Existing quality programs that are covered under MACRA include the Physician Quality Reporting System (PQRS), the Value-based Modifier Program, and Meaningful Use. Critical Practice Improvement Activities are a new component. “The intent of the MIPS legislation is to bring these together to streamline and simplify these different programs, which currently have different reporting periods and different feedback loops. But with anything new, it is confusing,” Erickson says.

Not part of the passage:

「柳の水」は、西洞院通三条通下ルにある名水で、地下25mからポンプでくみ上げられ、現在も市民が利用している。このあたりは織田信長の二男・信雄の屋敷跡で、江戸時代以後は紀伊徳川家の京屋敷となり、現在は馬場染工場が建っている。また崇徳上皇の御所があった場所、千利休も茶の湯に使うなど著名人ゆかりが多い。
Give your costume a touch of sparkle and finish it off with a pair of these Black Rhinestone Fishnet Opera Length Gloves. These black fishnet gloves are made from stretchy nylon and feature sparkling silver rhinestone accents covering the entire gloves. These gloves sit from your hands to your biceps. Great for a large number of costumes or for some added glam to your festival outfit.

Because 2016 will be the last reporting year for the existing quality programs, Erickson says that paying attention to them in terms of feedback reports for the Value -based Modifier Program will be helpful, because they will give physicians a sense of where they stand. Erickson also encourages physicians to work on incorporating some of the newer billing codes, such as transitional care management, chronic care management, and advance care planning, into their practice, as well as the Welcome to Medicare and Annual Wellness Visit.

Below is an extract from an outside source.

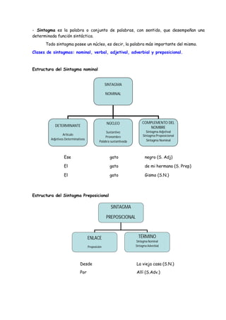 Este documento resume los conceptos básicos de sintaxis. Define el enunciado como la unidad mínima de comunicación y describe dos tipos: oracionales y no oracionales. Explica que los sintagmas son grupos de palabras con función sintáctica y describe los sintagmas nominal, verbal, adjetival, adverbial y preposicional. Finalmente, define los componentes básicos de la oración como el sujeto y el predicado.

“If the practice can build in the capacity for these codes, it can bring in some extra funding and help them align their workflows and processes toward becoming a medical home. They also help you provide better patient care,” she says. “It’s not easy, and may require some staff training, but it is worth it.”
With Aetna’s proposed acquisition of Humana for $37 billion and Anthem’s $54 billion bid for Cigna, many markets could find themselves with fewer payers in the near future. “We are concerned about the consolidation,” Filer says. “It feels potentially anti-competitive. We are concerned about the impact on cost and the ability to give patients choice around their insurers.”

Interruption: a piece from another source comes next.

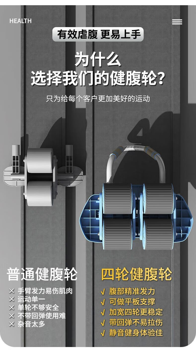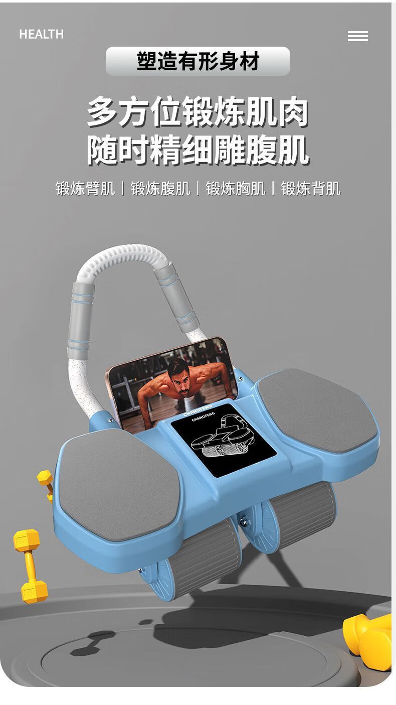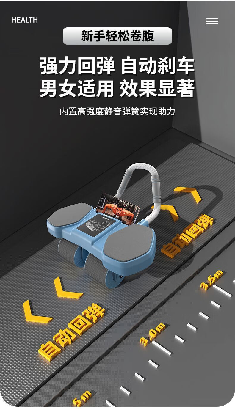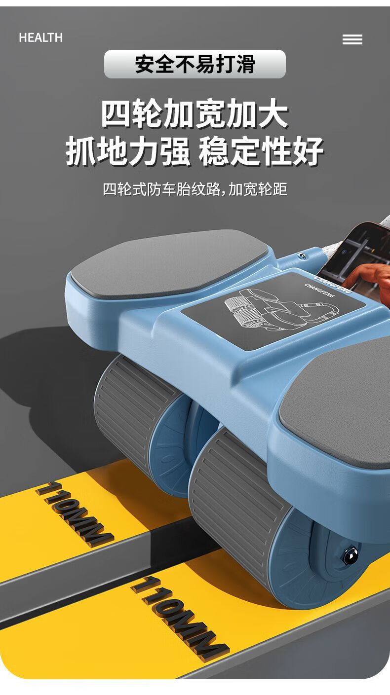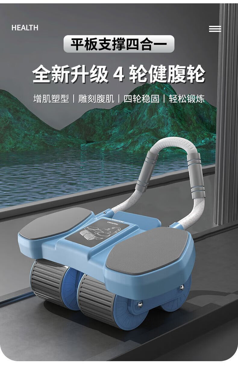 Newly upgraded 4-wheel abdominal wheel, abdominal wheel support type, automatic rebound, abdominal muscle contraction, men's and women's fitness equipment, abdominal wheel + yoga mat + kneeling mat (divided into two express delivery

AAFP Board Chair Robert Wergin, MD, a family physician in Nebraska, points out that with these mergers, some payer companies now have annual budgets comparable to some of the world’s 30 largest countries. “These organizations are immense, and their mergers are leaving patients with fewer choices,” Wergin says. It can be bad for physicians’ bottom lines too, he adds.
“I often use an analogy of the bully on a third-grade playground. They don’t pick on the biggest, toughest kid. They pick on the wimp, and you know who the wimp is? Small individual practices,” he says. He practices in a county with about 17,500 people, which isn’t a large enough population to give him any leverage with payers. Primary care physicians (PCPs) in such small communities are at risk of facing “take it or leave it” contracts, he notes.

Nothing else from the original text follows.